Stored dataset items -
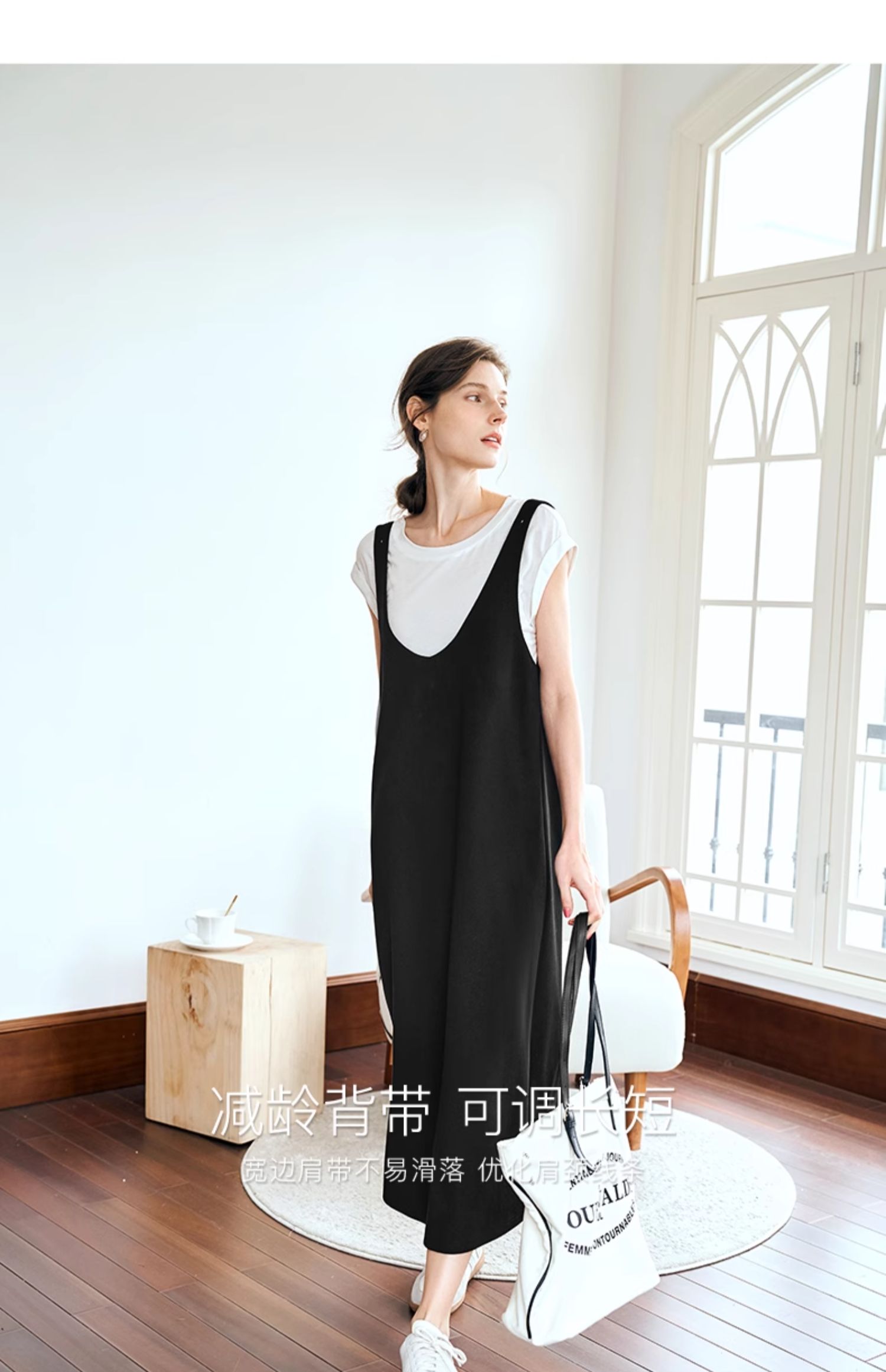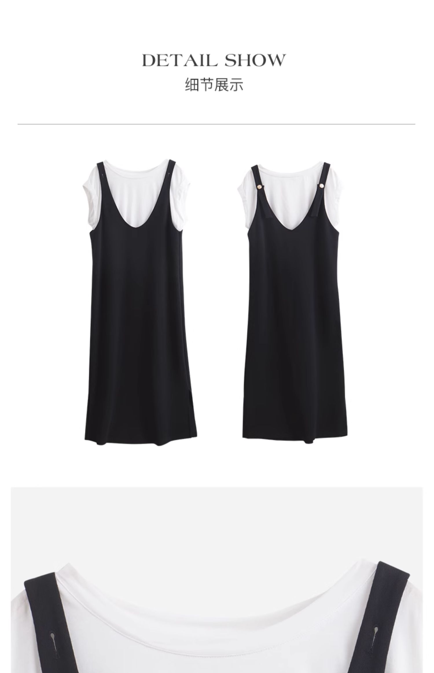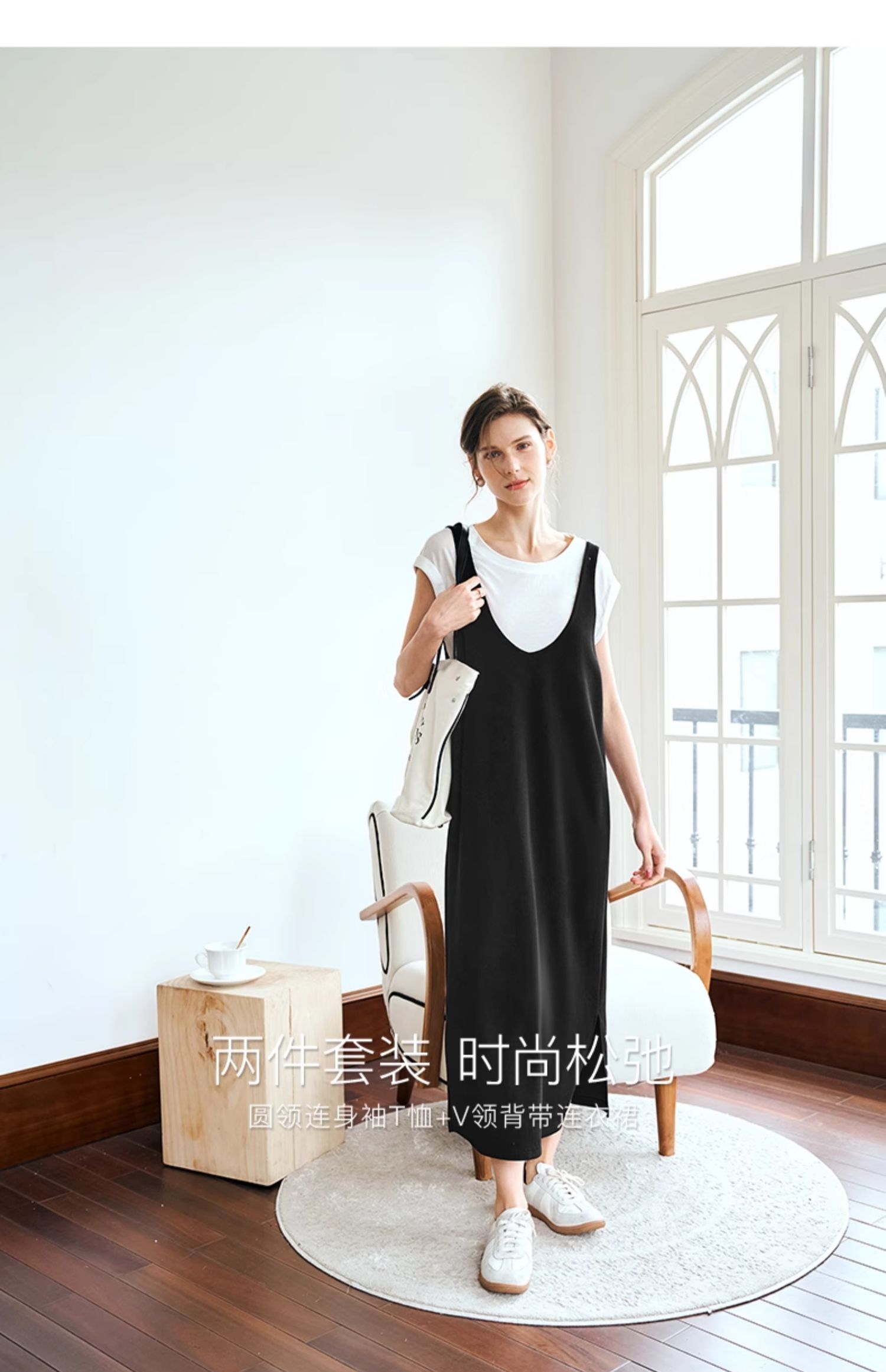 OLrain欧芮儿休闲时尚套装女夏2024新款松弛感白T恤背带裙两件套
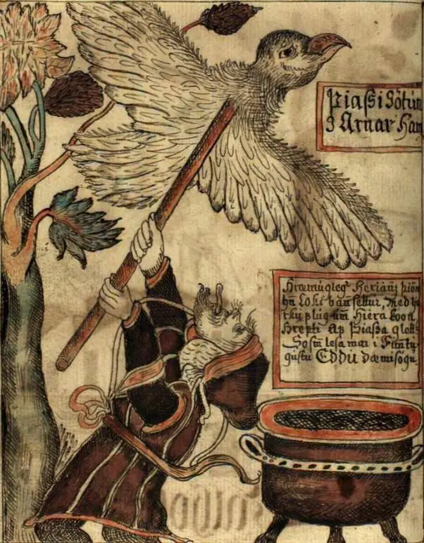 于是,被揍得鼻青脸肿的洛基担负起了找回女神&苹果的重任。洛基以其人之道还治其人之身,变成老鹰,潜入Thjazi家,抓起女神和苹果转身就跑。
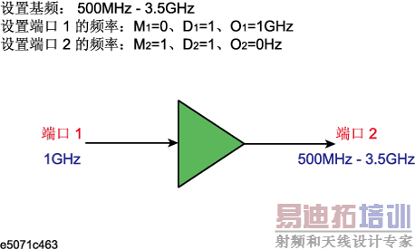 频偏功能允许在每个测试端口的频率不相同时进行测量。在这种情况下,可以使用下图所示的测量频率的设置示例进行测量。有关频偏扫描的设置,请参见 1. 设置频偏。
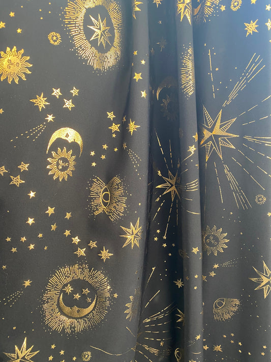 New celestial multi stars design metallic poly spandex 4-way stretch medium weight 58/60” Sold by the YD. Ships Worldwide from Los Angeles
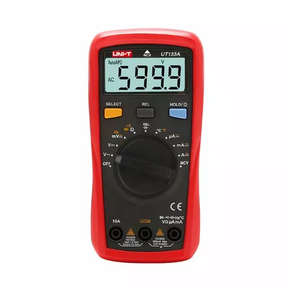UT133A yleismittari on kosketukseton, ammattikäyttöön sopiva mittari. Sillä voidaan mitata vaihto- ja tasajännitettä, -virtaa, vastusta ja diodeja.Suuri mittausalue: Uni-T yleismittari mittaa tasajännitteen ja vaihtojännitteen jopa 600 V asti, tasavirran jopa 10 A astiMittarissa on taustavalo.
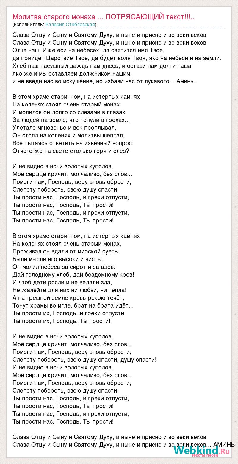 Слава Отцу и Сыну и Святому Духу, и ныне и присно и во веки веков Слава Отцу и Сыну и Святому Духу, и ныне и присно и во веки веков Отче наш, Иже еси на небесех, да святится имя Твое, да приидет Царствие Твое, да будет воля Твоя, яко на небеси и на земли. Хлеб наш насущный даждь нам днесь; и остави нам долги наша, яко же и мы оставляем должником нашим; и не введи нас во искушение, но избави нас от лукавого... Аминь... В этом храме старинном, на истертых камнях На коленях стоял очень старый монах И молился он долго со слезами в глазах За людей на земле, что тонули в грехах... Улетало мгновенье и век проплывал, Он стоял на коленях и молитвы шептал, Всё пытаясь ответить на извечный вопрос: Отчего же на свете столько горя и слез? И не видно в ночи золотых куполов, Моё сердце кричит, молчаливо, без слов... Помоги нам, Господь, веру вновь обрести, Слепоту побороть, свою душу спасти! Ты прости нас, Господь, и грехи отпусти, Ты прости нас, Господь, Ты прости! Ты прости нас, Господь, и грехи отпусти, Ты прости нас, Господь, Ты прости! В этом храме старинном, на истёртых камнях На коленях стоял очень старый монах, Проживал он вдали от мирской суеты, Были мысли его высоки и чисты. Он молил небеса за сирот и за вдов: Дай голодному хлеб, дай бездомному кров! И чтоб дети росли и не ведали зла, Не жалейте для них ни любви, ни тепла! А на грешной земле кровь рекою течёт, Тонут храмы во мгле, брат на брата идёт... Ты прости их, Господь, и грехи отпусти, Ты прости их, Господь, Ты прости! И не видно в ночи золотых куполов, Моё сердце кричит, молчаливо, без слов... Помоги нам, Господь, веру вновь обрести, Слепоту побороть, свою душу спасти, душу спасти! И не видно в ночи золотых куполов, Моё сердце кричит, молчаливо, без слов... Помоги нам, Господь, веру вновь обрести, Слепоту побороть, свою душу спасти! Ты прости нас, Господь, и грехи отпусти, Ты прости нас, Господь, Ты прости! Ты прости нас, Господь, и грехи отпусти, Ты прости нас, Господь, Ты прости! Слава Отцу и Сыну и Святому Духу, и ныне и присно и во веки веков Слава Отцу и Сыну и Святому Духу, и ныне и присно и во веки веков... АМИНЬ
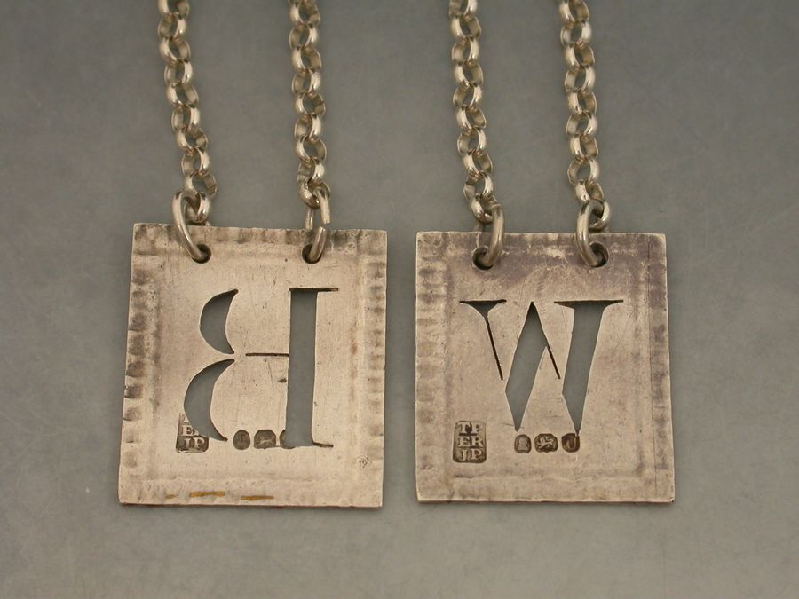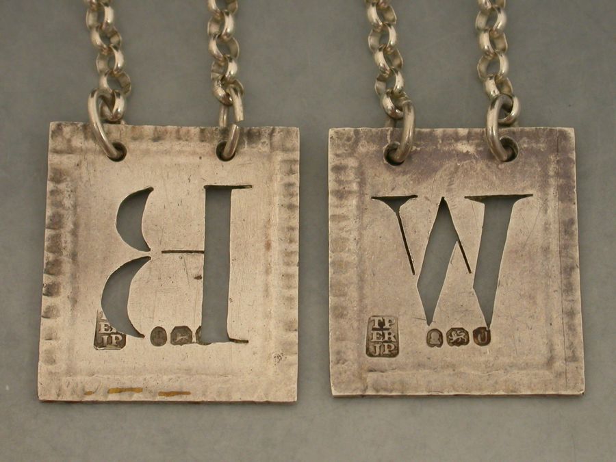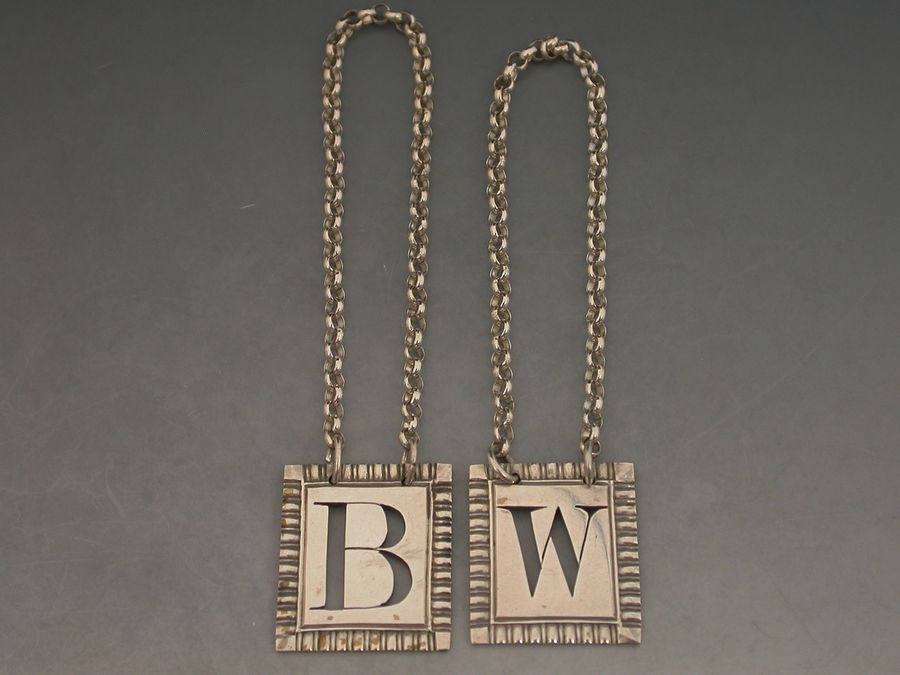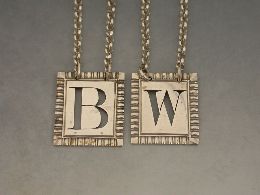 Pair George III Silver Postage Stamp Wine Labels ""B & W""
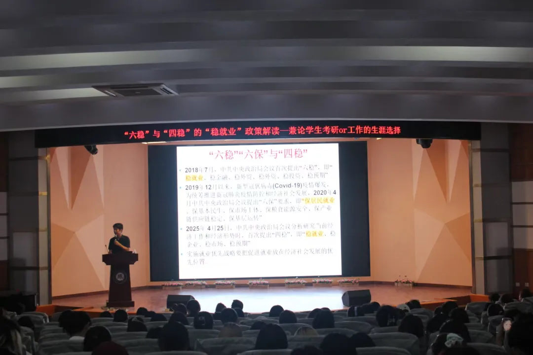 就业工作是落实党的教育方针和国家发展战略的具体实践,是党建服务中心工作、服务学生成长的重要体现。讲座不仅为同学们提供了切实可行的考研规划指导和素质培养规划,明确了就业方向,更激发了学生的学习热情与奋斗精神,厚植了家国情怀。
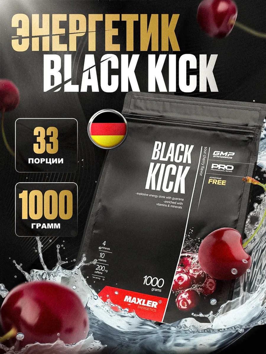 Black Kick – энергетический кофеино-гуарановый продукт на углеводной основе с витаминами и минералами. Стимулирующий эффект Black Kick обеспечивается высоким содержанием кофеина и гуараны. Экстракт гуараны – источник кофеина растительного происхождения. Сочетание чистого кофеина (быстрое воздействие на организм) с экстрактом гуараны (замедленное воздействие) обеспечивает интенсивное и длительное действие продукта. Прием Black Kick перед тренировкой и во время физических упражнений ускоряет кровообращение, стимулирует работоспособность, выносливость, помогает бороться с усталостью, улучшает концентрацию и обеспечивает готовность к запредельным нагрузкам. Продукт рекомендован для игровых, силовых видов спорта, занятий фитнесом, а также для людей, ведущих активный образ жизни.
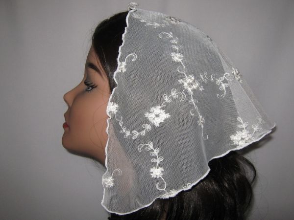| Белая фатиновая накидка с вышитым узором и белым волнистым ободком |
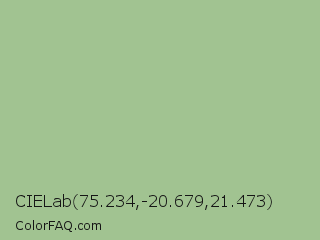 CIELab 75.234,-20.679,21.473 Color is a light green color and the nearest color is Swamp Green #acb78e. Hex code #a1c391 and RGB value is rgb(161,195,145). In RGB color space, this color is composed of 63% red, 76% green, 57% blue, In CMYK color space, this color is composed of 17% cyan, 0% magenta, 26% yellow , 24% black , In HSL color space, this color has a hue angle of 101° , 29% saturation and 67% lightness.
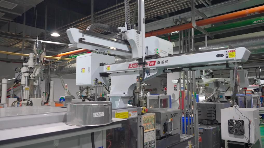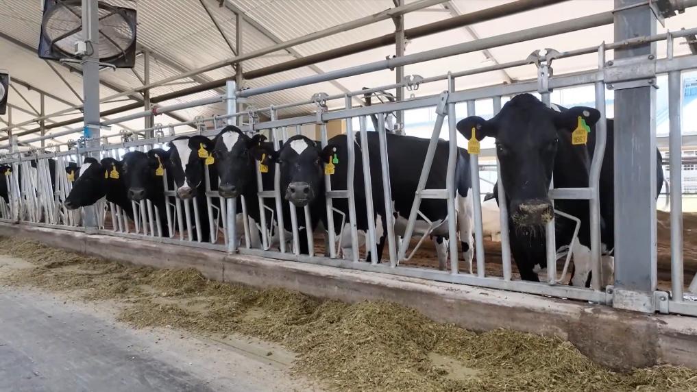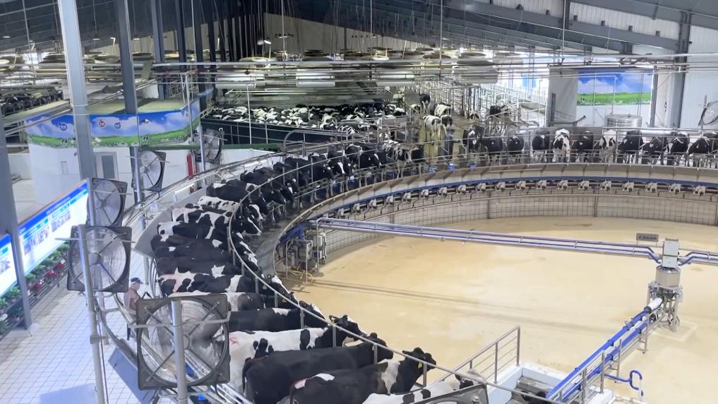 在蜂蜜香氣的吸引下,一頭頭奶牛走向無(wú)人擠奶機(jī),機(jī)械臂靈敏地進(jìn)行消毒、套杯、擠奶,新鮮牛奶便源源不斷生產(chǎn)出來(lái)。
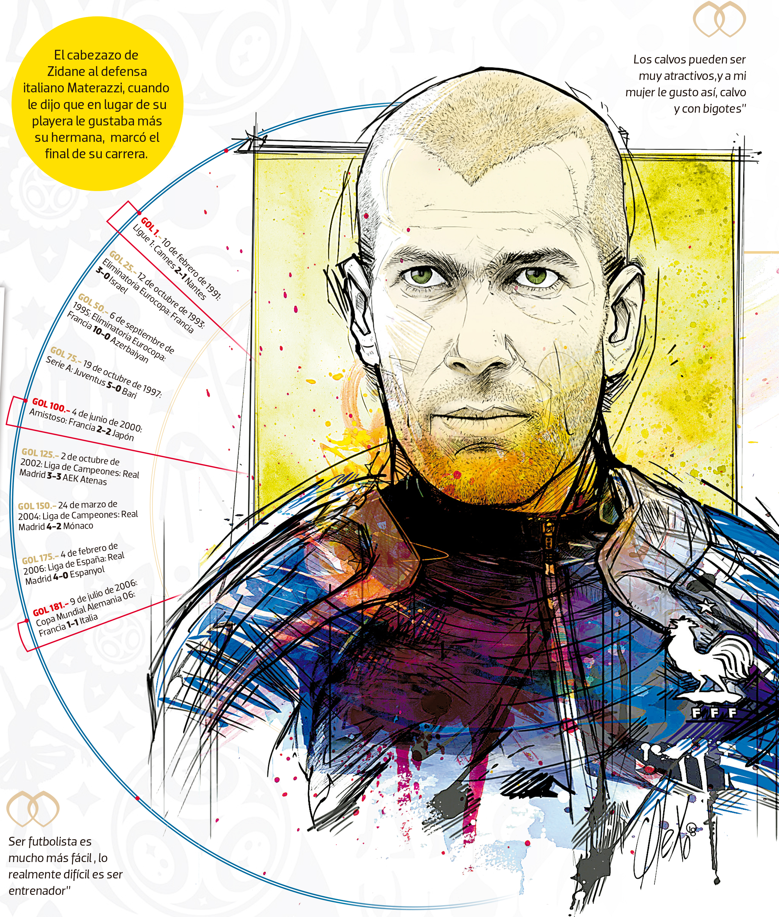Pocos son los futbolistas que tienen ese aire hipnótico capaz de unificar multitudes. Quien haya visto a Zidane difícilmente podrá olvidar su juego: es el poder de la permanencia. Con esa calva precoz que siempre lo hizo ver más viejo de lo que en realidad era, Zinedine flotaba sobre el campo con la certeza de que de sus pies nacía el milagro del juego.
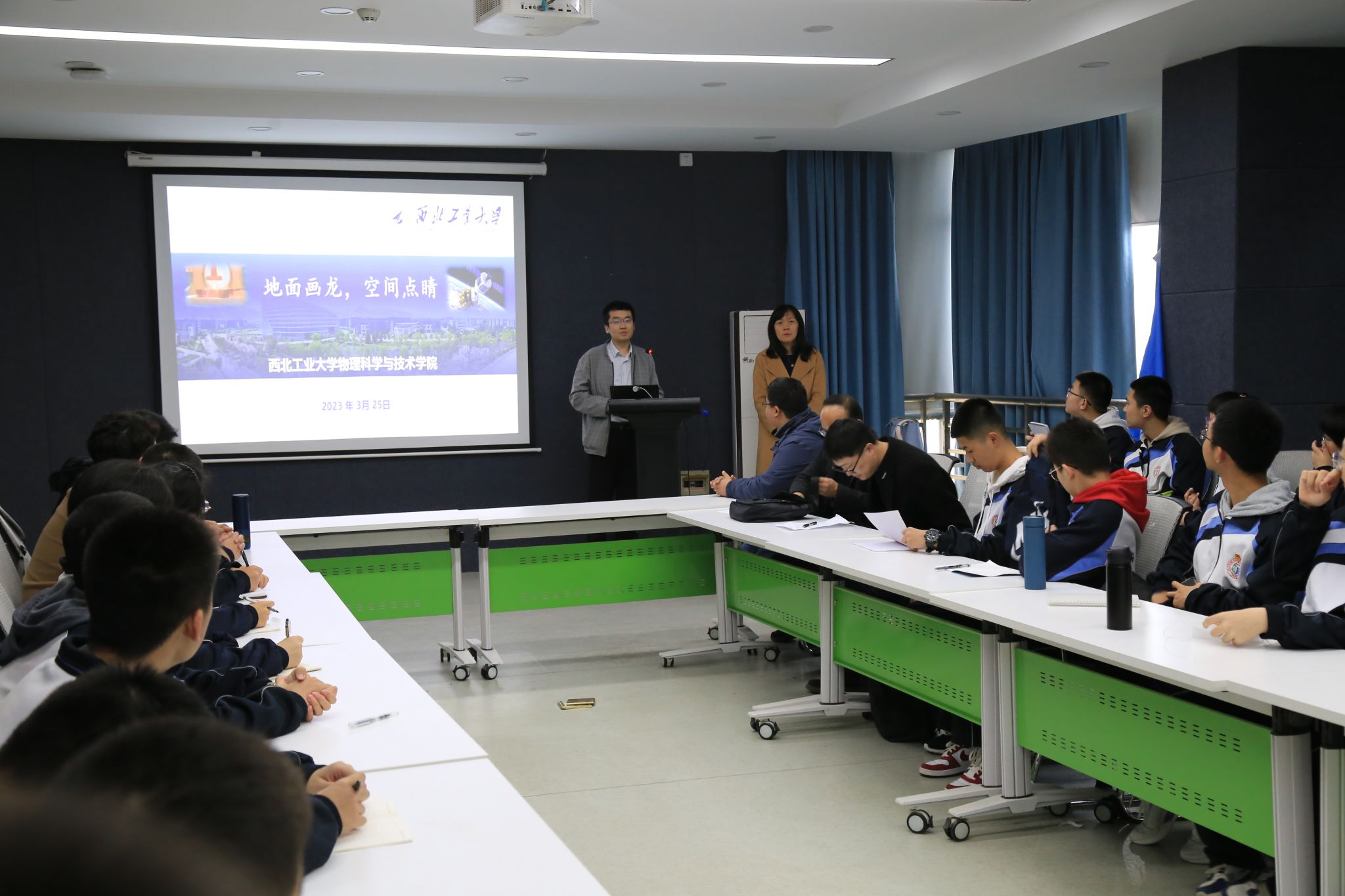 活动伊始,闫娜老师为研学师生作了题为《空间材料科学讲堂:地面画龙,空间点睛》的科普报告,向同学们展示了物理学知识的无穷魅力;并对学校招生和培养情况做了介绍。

ASSIGNED TASK - What you return must match the lines from the top of the data through the line with "New celestial multi" exactly, with the pictures removed.

OUTPUT -
 OLrain欧芮儿休闲时尚套装女夏2024新款松弛感白T恤背带裙两件套
 于是,被揍得鼻青脸肿的洛基担负起了找回女神&苹果的重任。洛基以其人之道还治其人之身,变成老鹰,潜入Thjazi家,抓起女神和苹果转身就跑。
 频偏功能允许在每个测试端口的频率不相同时进行测量。在这种情况下,可以使用下图所示的测量频率的设置示例进行测量。有关频偏扫描的设置,请参见 1. 设置频偏。
 New celestial multi stars design metallic poly spandex 4-way stretch medium weight 58/60” Sold by the YD. Ships Worldwide from Los Angeles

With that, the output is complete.